The considerations: where global hyperscalers still dominate
While switching from global hyperscalers to European cloud providers may be appealing, this decision also involves some important architectural considerations.
First, the European Big 3 do not offer the same breadth and depth of specialized Platform-as-a-Service (PaaS) and Software-as-a-Service (SaaS) services as AWS, Azure, and Google Cloud. When business-critical applications rely heavily on proprietary services such as AWS Kinesis for data streaming or Azure IoT Hub for IoT management, migrating to open-source alternatives within a European cloud environment can require significant development and migration efforts.
In addition, while OVHcloud, IONOS, and Scaleway do have a robust infrastructure in Europe and North America, they cannot offer the same global coverage as the hyperscalers. Especially in emerging markets and remote regions in Asia, South America, and other parts of the world, the major U.S. providers have a much denser network of regions, availability zones, and edge locations. For organizations that require very low latency worldwide, this can be an important consideration.

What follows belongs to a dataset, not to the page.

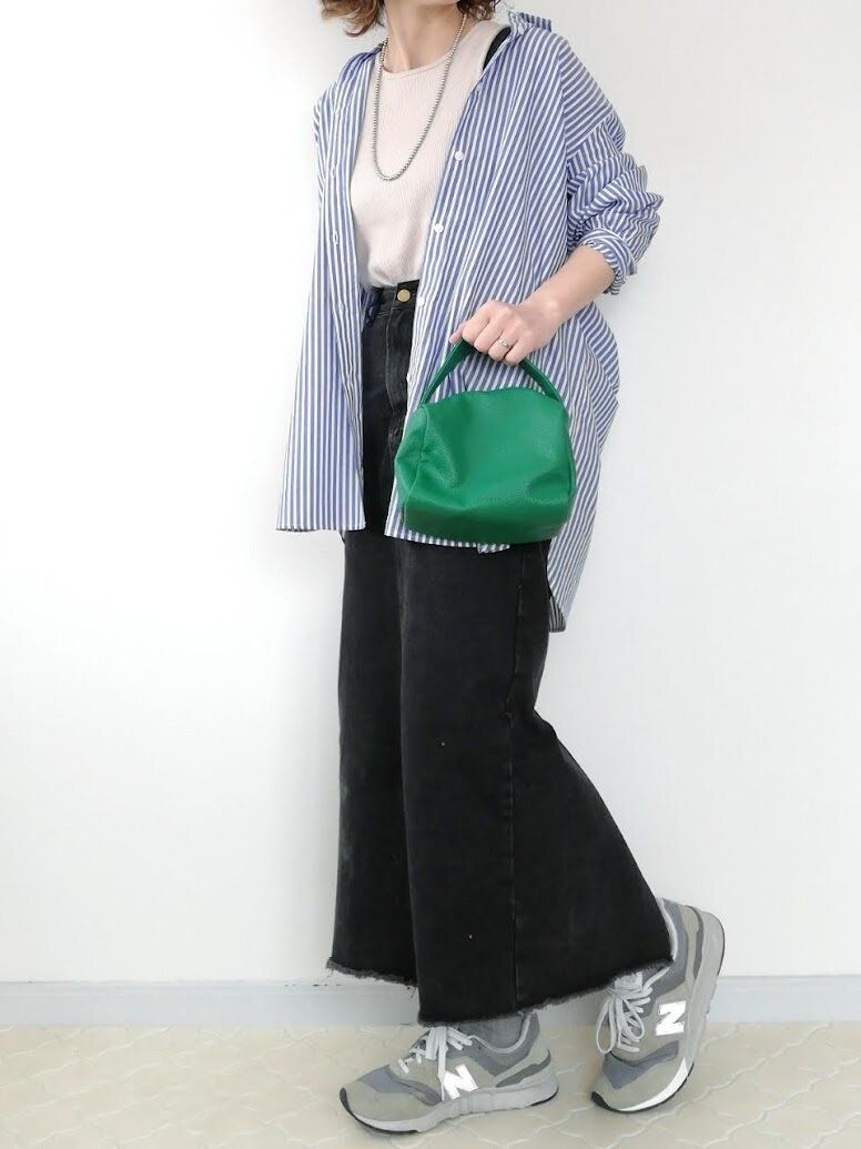 ここ数年は、ビックシルエットのファッションが流行しています。ゆるっとタボッと着るのがおしゃれ。体の気になる部分を隠してくれるのもうれしいですよね。余裕あるサイズのストライプシャツをサラっと切るだけで、おしゃれな雰囲気が出せますよ。

Finally, there is a significant difference in investment capacity. U.S. hyperscalers invest hundreds of billions of euros annually in research, development, and infrastructure. This scale enables them to make new technologies and the latest generation of hardware available faster and on a larger scale worldwide. As a result, European cloud providers are generally slower to roll out the very latest innovations and have less capacity to implement them immediately on a global scale.